__Exercise instructions__: Dropping every picture, set down exactly the lines in the entries below, starting with the line with "Harmančekova kytica s" and going on through the line with "Servizio di posate".

:: Input material ::

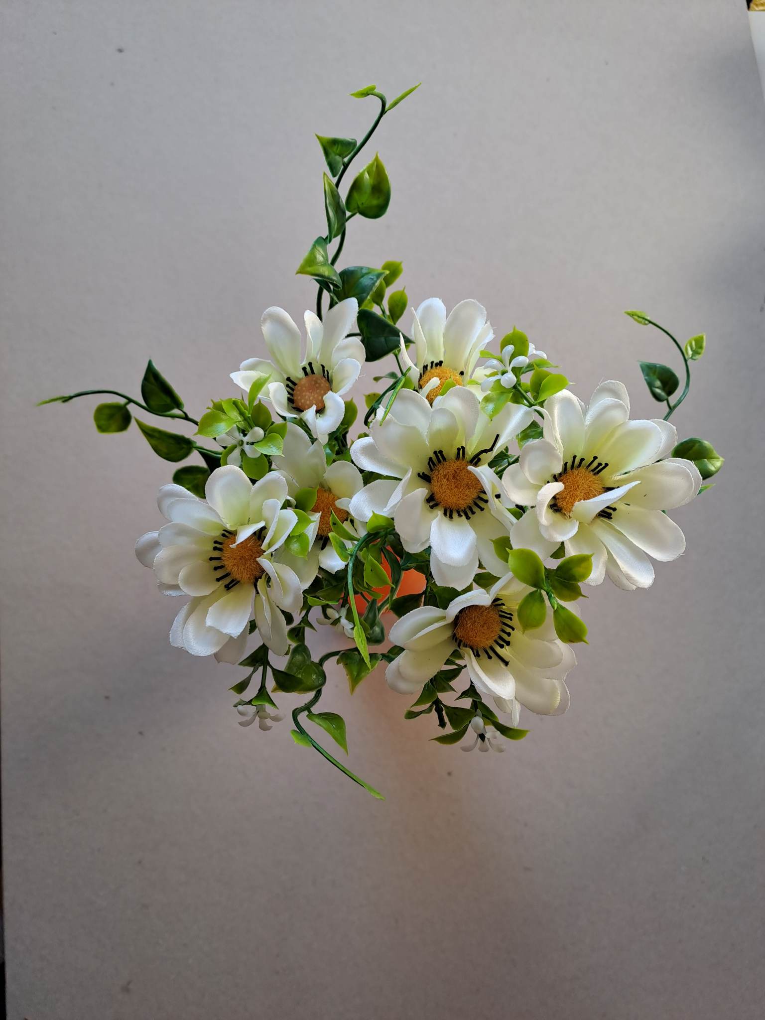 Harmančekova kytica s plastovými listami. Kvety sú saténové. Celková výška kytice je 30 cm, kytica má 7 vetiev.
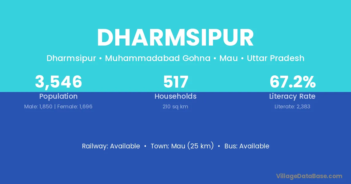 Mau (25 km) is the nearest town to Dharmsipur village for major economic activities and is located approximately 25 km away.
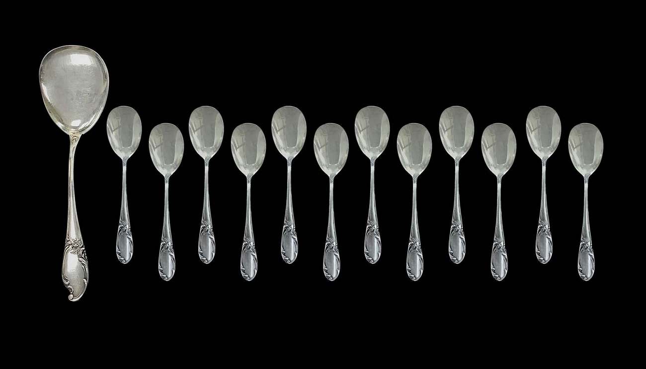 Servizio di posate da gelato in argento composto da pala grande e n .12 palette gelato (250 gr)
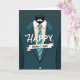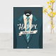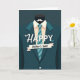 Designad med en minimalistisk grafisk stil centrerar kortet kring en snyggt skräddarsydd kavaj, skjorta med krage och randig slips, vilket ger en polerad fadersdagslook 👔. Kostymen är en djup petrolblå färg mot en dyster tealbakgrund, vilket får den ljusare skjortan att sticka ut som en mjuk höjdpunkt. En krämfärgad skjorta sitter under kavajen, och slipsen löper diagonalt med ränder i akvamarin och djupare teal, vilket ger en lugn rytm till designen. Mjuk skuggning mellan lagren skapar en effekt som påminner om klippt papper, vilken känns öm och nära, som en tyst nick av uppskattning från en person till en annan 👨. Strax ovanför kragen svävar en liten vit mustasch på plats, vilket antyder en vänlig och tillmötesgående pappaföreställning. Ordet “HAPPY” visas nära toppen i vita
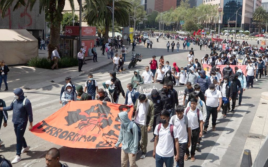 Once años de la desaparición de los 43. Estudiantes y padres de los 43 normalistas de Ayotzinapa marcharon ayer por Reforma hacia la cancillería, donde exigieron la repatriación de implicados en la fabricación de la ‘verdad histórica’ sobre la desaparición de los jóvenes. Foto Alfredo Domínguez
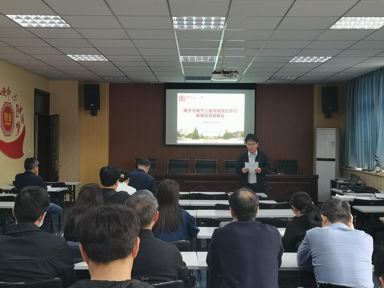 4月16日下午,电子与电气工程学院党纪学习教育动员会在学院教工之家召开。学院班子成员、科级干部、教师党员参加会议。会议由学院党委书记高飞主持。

:::
:: Input material ::

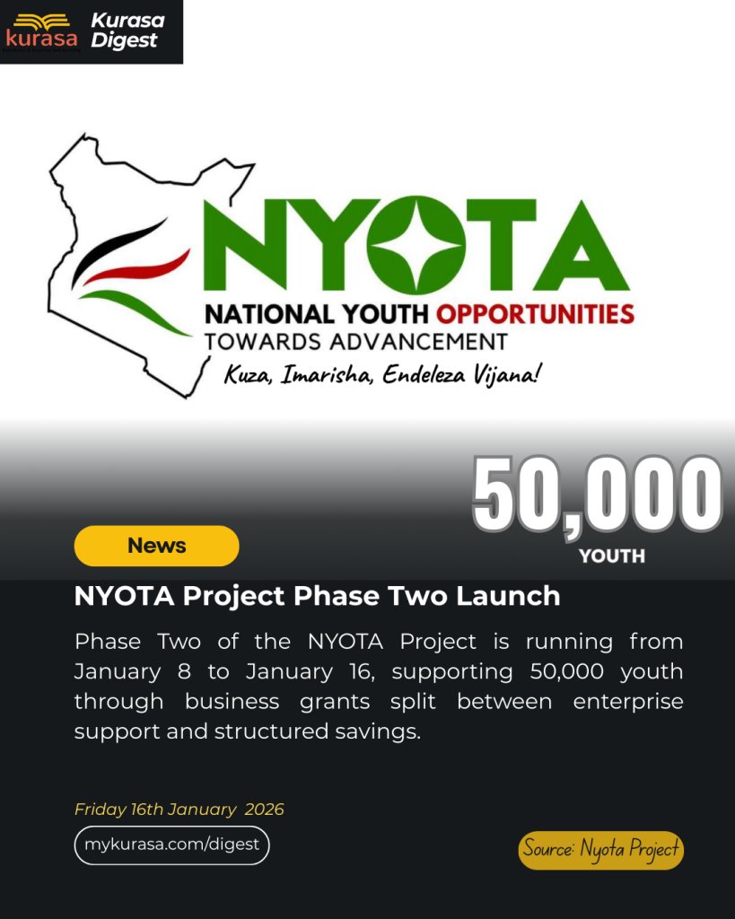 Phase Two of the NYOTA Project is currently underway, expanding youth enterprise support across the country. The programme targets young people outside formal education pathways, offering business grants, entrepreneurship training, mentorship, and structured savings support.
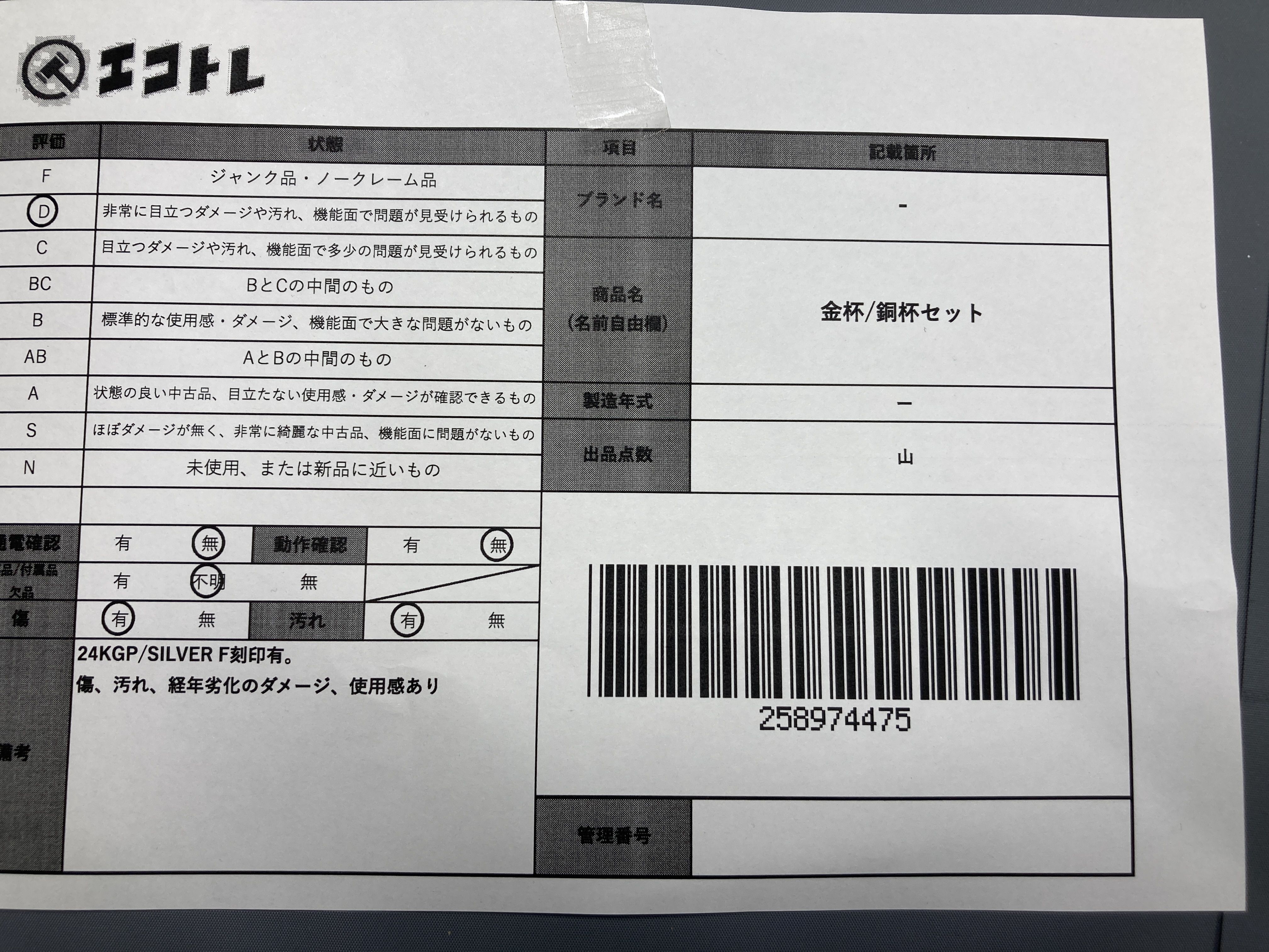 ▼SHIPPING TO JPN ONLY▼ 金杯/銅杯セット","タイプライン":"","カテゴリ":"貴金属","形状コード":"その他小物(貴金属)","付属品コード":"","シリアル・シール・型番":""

:::
:: Input material ::

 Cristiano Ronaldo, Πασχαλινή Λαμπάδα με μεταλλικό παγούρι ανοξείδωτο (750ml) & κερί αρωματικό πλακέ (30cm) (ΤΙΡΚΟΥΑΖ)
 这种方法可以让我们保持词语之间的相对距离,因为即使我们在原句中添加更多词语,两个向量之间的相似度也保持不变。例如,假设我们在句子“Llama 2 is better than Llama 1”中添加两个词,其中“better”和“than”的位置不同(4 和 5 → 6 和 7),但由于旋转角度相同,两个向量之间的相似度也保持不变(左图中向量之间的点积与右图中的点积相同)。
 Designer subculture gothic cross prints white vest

:::

__Written answer__:
 Harmančekova kytica s plastovými listami. Kvety sú saténové. Celková výška kytice je 30 cm, kytica má 7 vetiev.
 Mau (25 km) is the nearest town to Dharmsipur village for major economic activities and is located approximately 25 km away.
 Servizio di posate da gelato in argento composto da pala grande e n .12 palette gelato (250 gr)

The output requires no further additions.